The city would also take ownership of the school's "valuable, historic and culturally significant" art and books, though Laureate Education Inc., the school's probable new operator, could borrow the material for educational purposes.
The information was discussed this week with Santa Fe city councilors in an executive session, as well as during a public presentation before the New Mexico Finance Authority.
Laureate has said in the recent past it expected to eventually enroll a couple thousand students in Santa Fe, but optimism about the campus' attraction has apparently increased the company's estimate. The company already has about 500,000 students spread over some 44 countries.
CSF had less than 600 full-time students before it graduated its final class in May.
City Finance Director David Millican told the city council that Laureate anticipates beginning the fall semester with about 100 students, a number expected to jump to 250 by spring.
The Santa Fe City Council has agreed to hold public hearings on two loan options involving the city's possible purchase of CSF.

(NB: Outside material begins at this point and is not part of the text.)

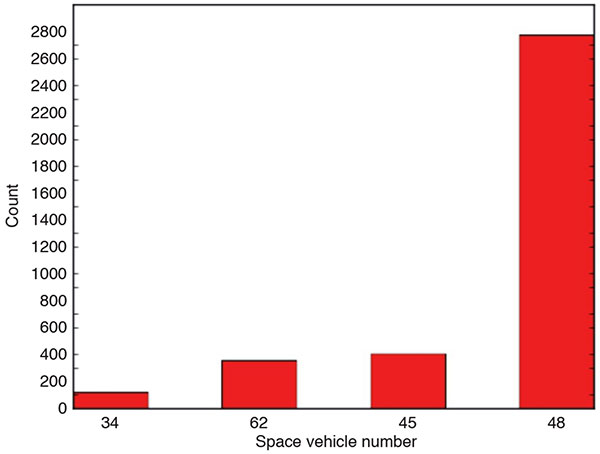 Over the entire GPS constellation, we see events with rapid phase changes most frequently associated with the signals from three SVNs: 45 (an original Block IIR satellite), 48 (a Block IIR-M satellite), and 62 (a Block IIF satellite). This is most clearly shown in FIGURE 7, which contains a histogram of the number of events with rapid phase changes we have seen, broken out by SVN. For this histogram, we have chosen to count only those events that have well-defined phase discontinuities. Other SVNs, for example SVN34 (a Block IIA satellite), will show CPSEs on occasion, but the signals from this set of three SVNs are the ones that we have come to observe most closely. Until recently, SVN62 was the newest SV, and so we have been heavily weighting our observations on this SV.

Both options set a maximum debt of $30 million for the city, with one authorizing the sale of revenue bonds directly by the city. The other would approve an agreement — still not finalized — with the New Mexico Finance Authority, in which that agency would sell the bonds and then lend the money to the city.

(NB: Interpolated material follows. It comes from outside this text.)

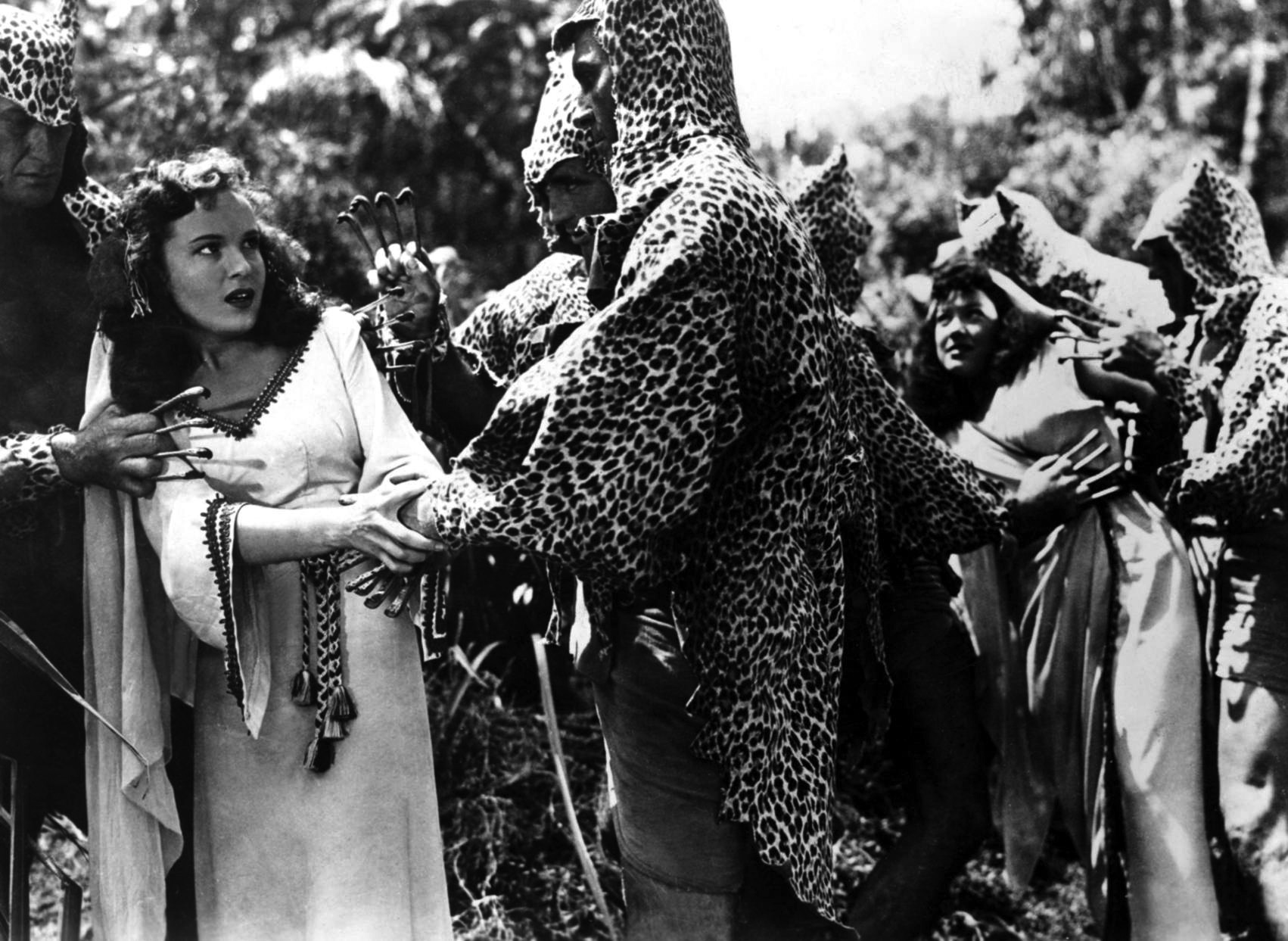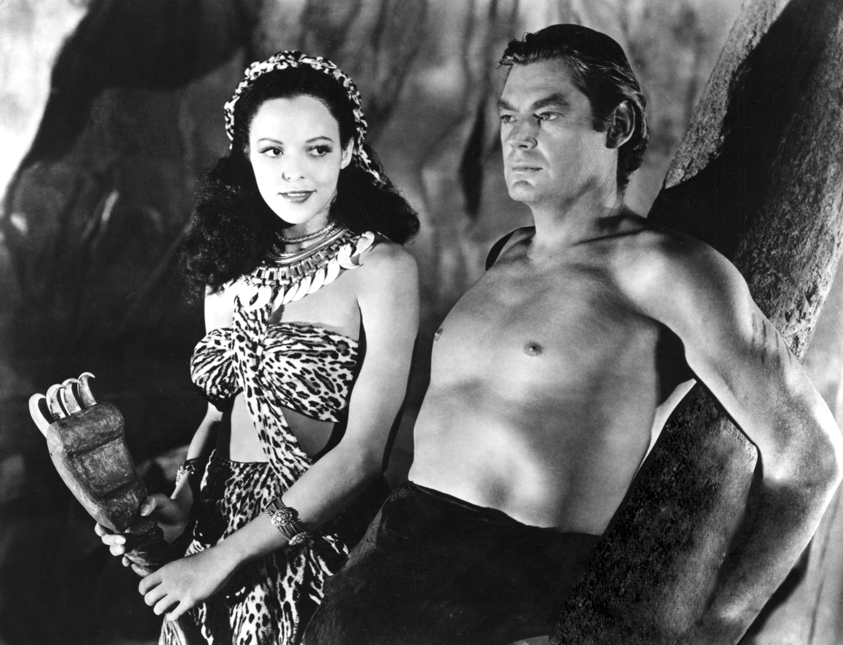 Next, it's time for more vine swinging with Tarzan and the Leopard Woman.  We have six photos featuring Johnny Weissmuller, Brenda Joyce, Johnny Sheffield, and Acquanetta (Va-Va-Voom!).  These images were provided by Rikke and Doug.

Millican told the NMFA on Thursday the city favored working with that agency rather than issuing bonds directly. "We really would prefer that as the best tool," he said.
Millican said Friday that the NMFA told the city it could save as much as $400,000 if that agency issues the bonds. Other benefits to working with the NMFA include "a much more customized service," he said.
In turn, Millican and other city officials, including Mayor David Coss and city attorney Frank Katz, received a generally positive reception Thursday from members of the NMFA.
A tentative plan fleshed out between the city, the College of Santa Fe, the college's creditors, Laureate and the state of New Mexico calls for the following components:
• CSF settles a $2.6 million loan with Laureate by turning over "educational" assets including the CSF "brand," accreditation, curriculum, course outlines, desks and other equipment.
• CSF sells its 100-acre campus, excluding the 8.5-acre Shellaberger Tennis Center, to the city in exchange for the removal of its liens and a plan for an ongoing operation.
• CSF's debt with its major creditors, the Royal Bank of Canada and Radian Group, is reduced by $7.5 million.
• The city issues revenue bonds and transfers $19.5 million to pay CSF's debt.
• The state of New Mexico follows through on Gov. Bill Richardson's promise of an $11 million funding package, including a $5 million land sale of vacant acreage.
• Santa Fe Higher Education LLC, a subsidiary of Laureate's parent company, Wengen, leases part of the campus, which will, among other things, provide $15 million for deferred maintenance capital improvements at a rate of $2.3 million a year.
• Wengen guarantees $20 million to cover operating costs until the school can break even, which is expected to happen in three to four years.
The City Council is scheduled to vote July 29 on approval of a bond issuance, though a discussion could also take place July 8. The city's Finance Committee will also hold a public hearing Monday.
If approved, the city is on track to issue bonds in August, and "we're looking at a September start date," Millican said.